The Indian government’s gross borrowings are likely to remain high over the next couple of years as the amount of sovereign debt maturing is set to rise significantly between 2019-20 and 2022-23.

While the government will have no trouble in refinancing this debt since this is all domestic debt, the increased fresh borrowings could mean pressure on bond yields. Over the last two years, the government tried to spread out the upcoming redemption pressure by ‘switching’ existing bonds with longer tenor securities.

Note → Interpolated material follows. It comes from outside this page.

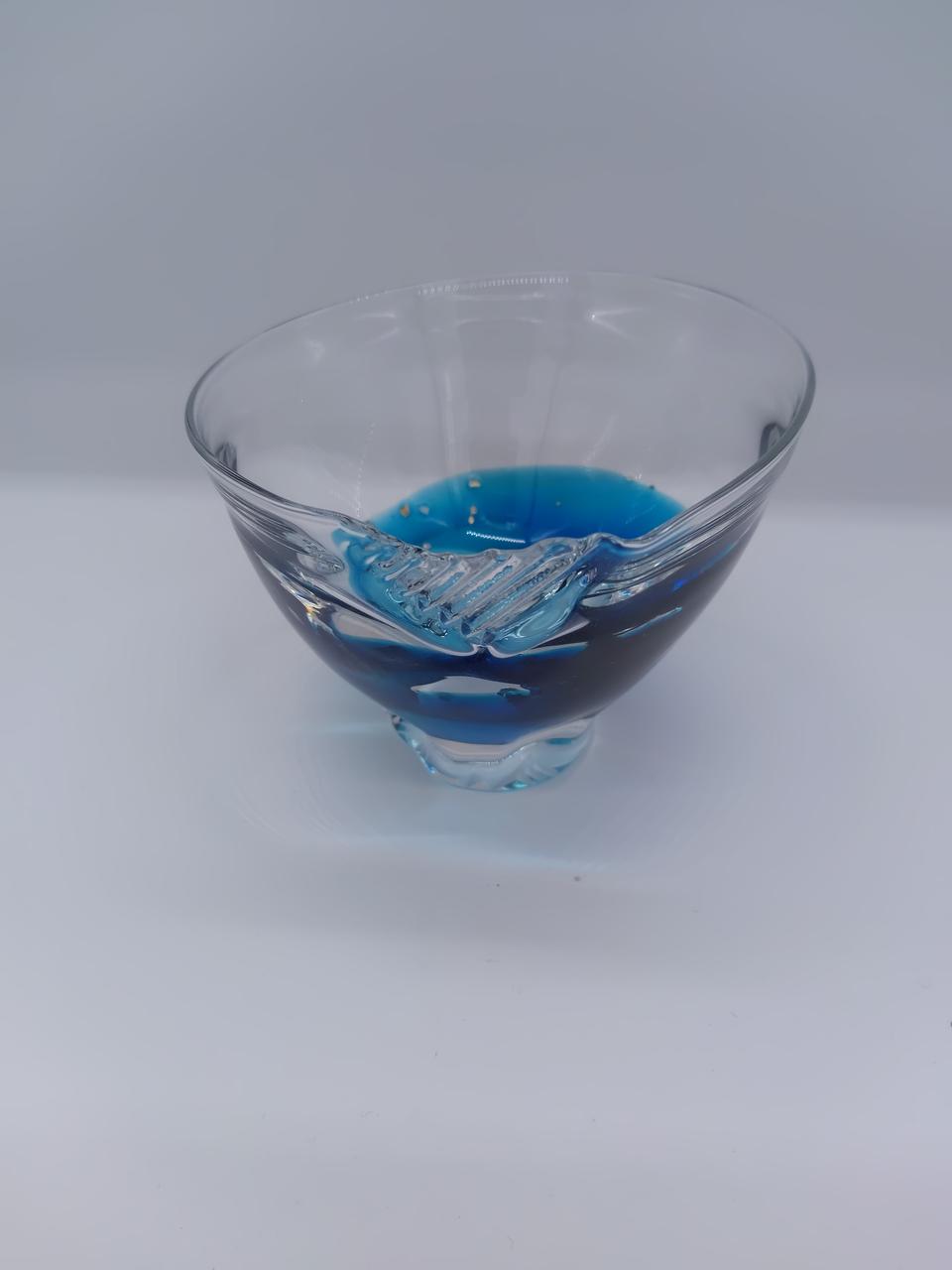 深い青と水色の色使いと所々にちりばめられた金箔が高級感をかもしだします♪

This, however, has seen limited success.

According to the ‘Medium Term Fiscal Policy Statement’ released as part of the interim budget, the government said it had budgeted for repayments of Rs 2,36,878 crore in 2019-20. This redemption pressure is one reason why gross borrowings in FY20 are pegged at more than Rs 7 lakh crore, even though net borrowings are broadly stable.

The status paper on government debt released in January shows that the redemption pressure will continue to rise over the next few years, peaking at about 7.76 percent of the outstanding stock of government debt in 2022-23. The data for 2019-20 differs between the status paper and the budget document due to debt buybacks and debt-switches executed during the year.

To be sure, the government has been working to elongate the maturity profile of its debt portfolio to reduce the rollover risk.

While the objective of repurchase operations is to reduce redemption pressure in the immediate following year, the conversion operations help to elongate the maturity profile of outstanding G-Secs. The quantum of repurchase operations depends on the availability of intra-year cash surpluses in the central government account.
Status Paper On Government Debt

The paper said the average residual maturity of outstanding government debt stood at 10.6 years as of March 2018. This indicates a relatively lower rollover risk in medium term.